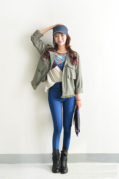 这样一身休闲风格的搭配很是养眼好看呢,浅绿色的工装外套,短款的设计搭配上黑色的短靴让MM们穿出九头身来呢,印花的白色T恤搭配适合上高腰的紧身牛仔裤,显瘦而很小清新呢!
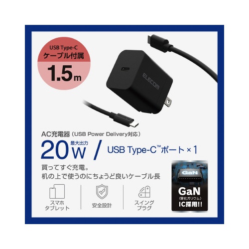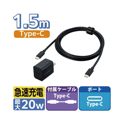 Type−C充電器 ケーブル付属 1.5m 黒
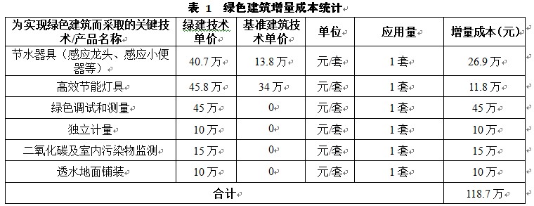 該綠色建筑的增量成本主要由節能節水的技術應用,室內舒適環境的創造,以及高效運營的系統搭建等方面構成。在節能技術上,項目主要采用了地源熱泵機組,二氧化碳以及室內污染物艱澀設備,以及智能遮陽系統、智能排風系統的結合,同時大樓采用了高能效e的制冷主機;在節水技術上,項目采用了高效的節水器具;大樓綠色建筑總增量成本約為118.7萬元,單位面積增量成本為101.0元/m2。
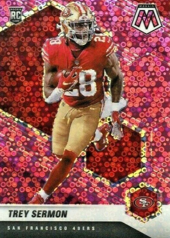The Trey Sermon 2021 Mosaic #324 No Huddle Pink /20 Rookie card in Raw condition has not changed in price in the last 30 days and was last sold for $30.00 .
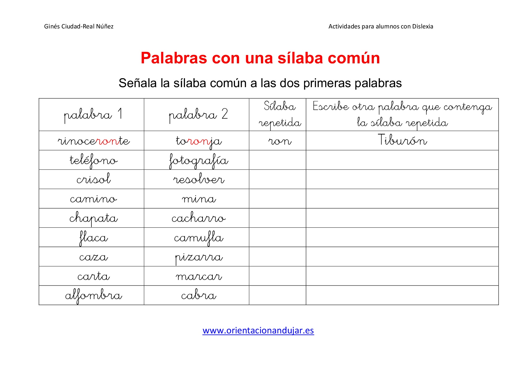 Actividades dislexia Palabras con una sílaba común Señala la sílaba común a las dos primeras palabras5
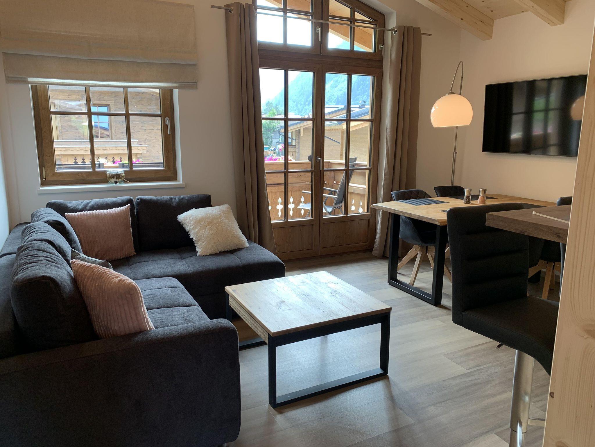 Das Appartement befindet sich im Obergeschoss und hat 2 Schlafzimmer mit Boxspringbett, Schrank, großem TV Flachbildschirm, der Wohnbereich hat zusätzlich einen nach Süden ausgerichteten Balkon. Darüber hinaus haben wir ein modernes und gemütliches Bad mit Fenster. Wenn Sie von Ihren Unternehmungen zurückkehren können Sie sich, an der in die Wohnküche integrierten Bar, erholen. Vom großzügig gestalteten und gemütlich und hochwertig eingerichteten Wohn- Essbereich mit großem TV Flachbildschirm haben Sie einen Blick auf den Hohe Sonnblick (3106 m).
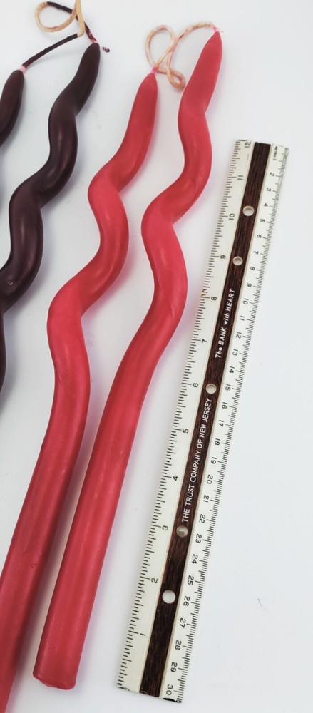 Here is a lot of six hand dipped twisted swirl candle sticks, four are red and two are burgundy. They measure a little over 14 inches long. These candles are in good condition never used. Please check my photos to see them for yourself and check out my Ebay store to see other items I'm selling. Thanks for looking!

::::

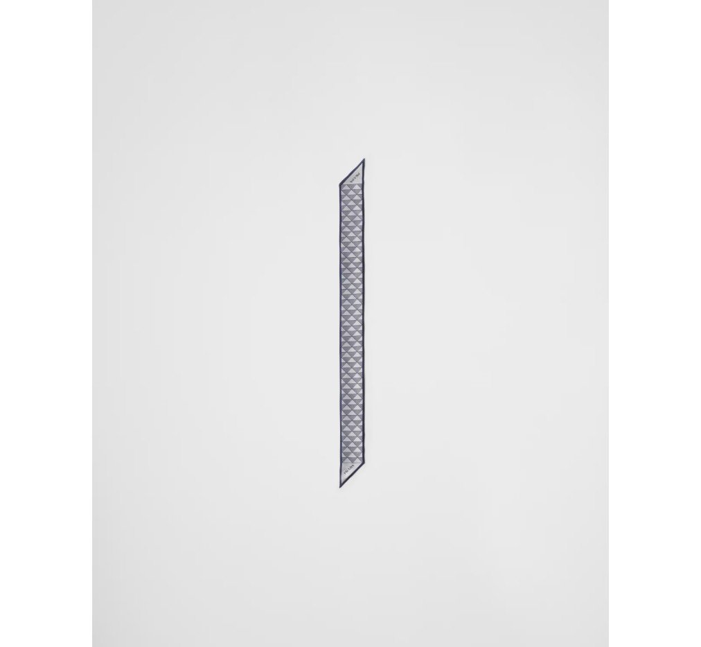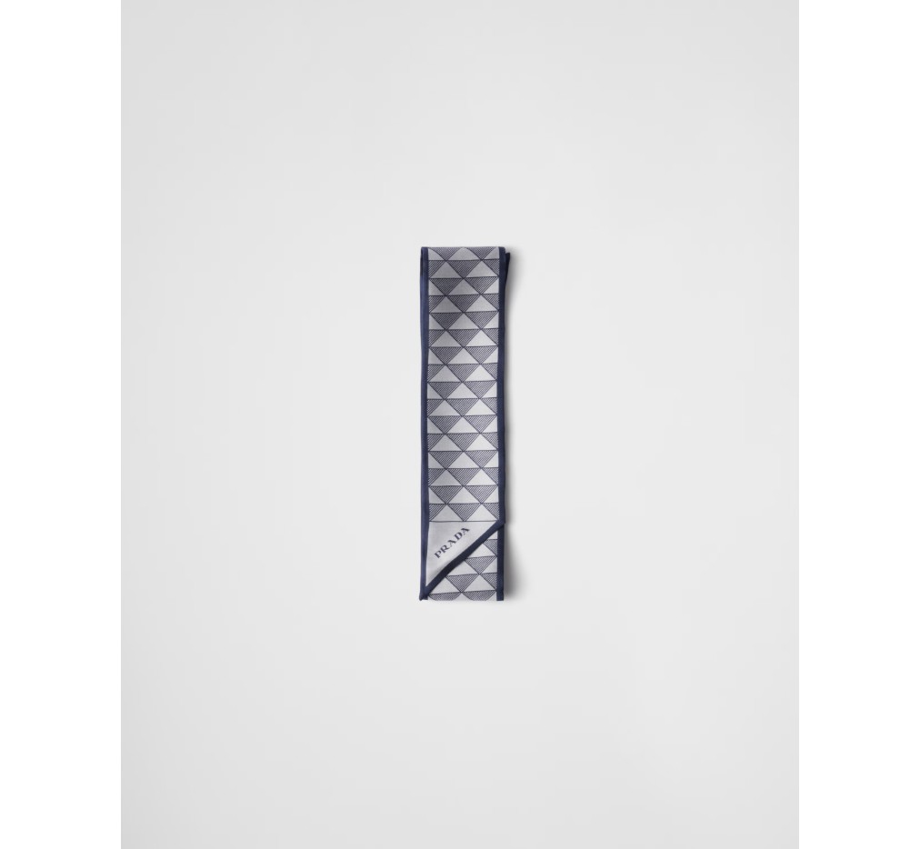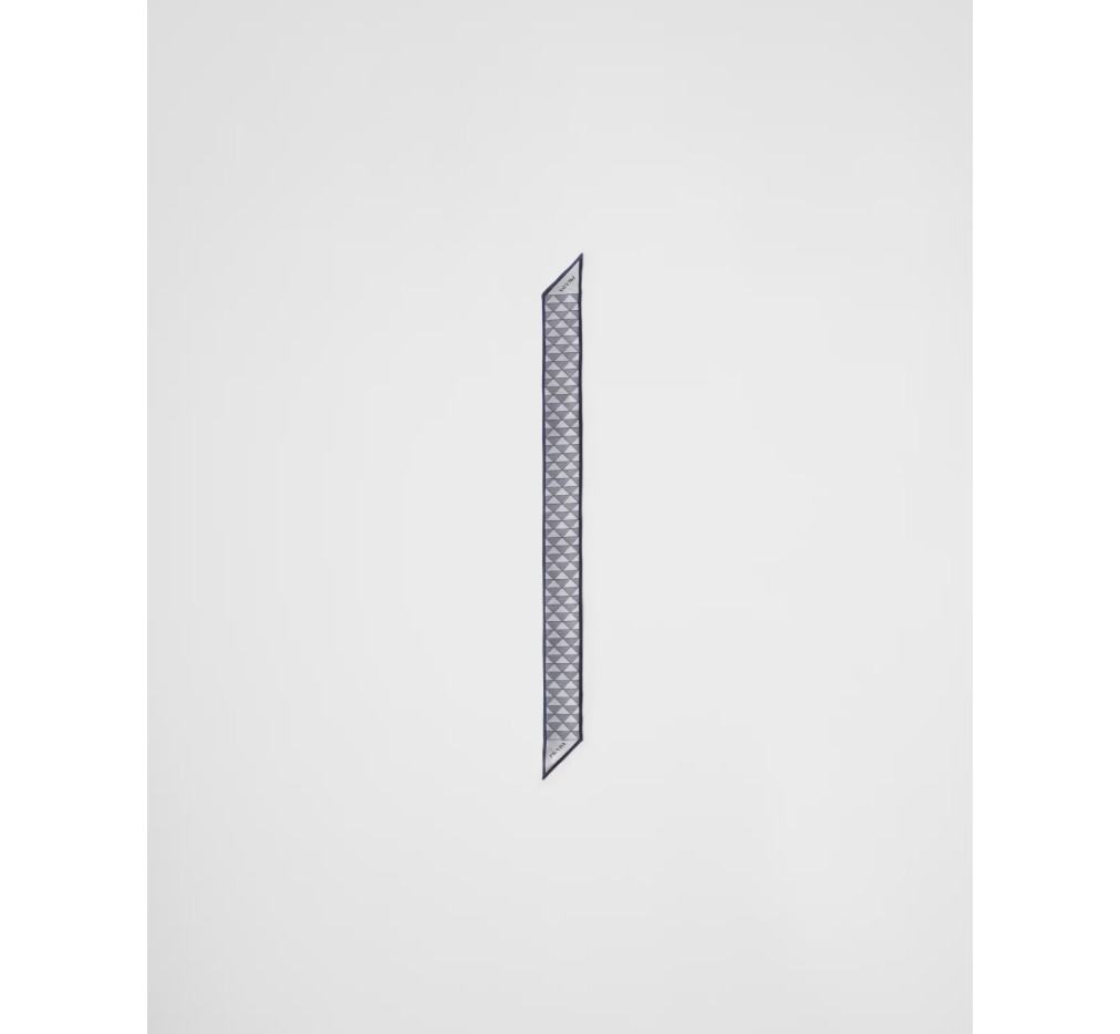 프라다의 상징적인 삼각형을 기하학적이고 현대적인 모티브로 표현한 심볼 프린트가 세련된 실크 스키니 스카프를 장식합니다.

::::

In the entries above, every line from the line with "这样一身休闲风格的搭配很是养" to the line with "Actividades dislexia Palabras" is to be printed exactly, with both ends included and pictures excluded.

 这样一身休闲风格的搭配很是养眼好看呢,浅绿色的工装外套,短款的设计搭配上黑色的短靴让MM们穿出九头身来呢,印花的白色T恤搭配适合上高腰的紧身牛仔裤,显瘦而很小清新呢!
 Type−C充電器 ケーブル付属 1.5m 黒
 該綠色建筑的增量成本主要由節能節水的技術應用,室內舒適環境的創造,以及高效運營的系統搭建等方面構成。在節能技術上,項目主要采用了地源熱泵機組,二氧化碳以及室內污染物艱澀設備,以及智能遮陽系統、智能排風系統的結合,同時大樓采用了高能效e的制冷主機;在節水技術上,項目采用了高效的節水器具;大樓綠色建筑總增量成本約為118.7萬元,單位面積增量成本為101.0元/m2。
The Trey Sermon 2021 Mosaic #324 No Huddle Pink /20 Rookie card in Raw condition has not changed in price in the last 30 days and was last sold for $30.00 .
 Actividades dislexia Palabras con una sílaba común Señala la sílaba común a las dos primeras palabras5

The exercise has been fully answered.